━━ SUPPLIED INFORMATION ━━

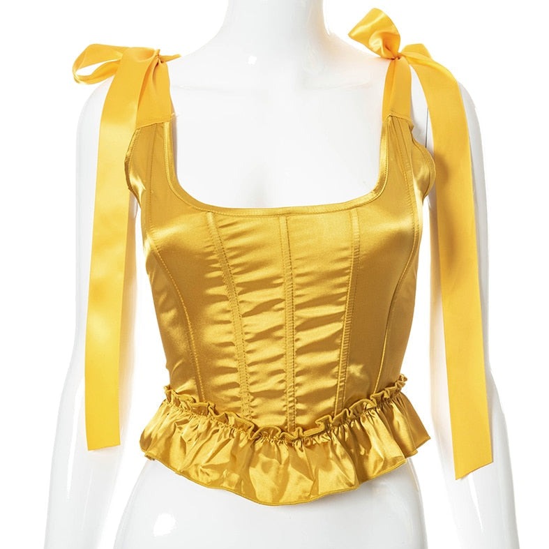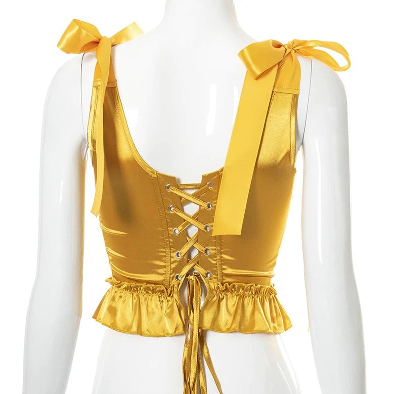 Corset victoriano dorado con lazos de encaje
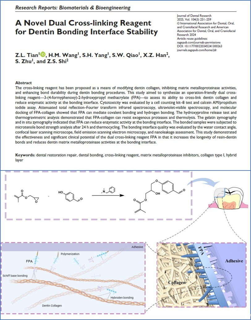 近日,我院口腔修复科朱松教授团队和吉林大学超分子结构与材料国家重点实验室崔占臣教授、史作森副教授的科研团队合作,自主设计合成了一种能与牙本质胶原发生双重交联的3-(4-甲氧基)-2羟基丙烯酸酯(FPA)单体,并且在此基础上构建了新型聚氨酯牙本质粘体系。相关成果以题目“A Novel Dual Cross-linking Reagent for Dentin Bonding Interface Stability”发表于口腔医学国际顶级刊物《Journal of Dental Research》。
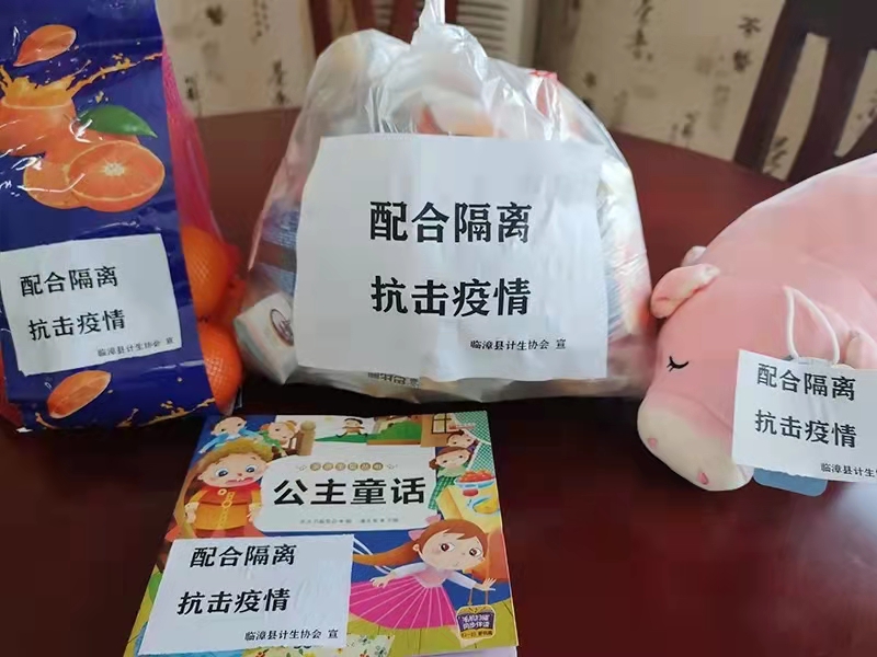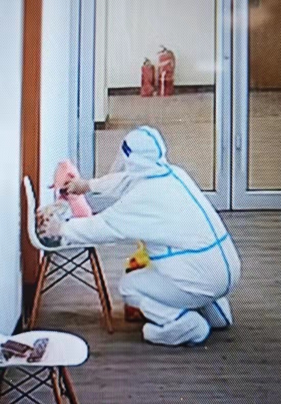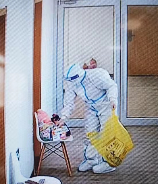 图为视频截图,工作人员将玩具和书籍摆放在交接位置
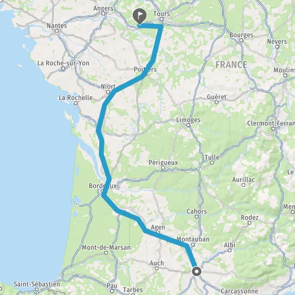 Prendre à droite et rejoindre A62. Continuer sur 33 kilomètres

━━━

TASK DESCRIPTION
Hand back every line of the material, exactly, without the pictures.

RESPONSE
 Corset victoriano dorado con lazos de encaje
 近日,我院口腔修复科朱松教授团队和吉林大学超分子结构与材料国家重点实验室崔占臣教授、史作森副教授的科研团队合作,自主设计合成了一种能与牙本质胶原发生双重交联的3-(4-甲氧基)-2羟基丙烯酸酯(FPA)单体,并且在此基础上构建了新型聚氨酯牙本质粘体系。相关成果以题目“A Novel Dual Cross-linking Reagent for Dentin Bonding Interface Stability”发表于口腔医学国际顶级刊物《Journal of Dental Research》。
 图为视频截图,工作人员将玩具和书籍摆放在交接位置
 Prendre à droite et rejoindre A62. Continuer sur 33 kilomètres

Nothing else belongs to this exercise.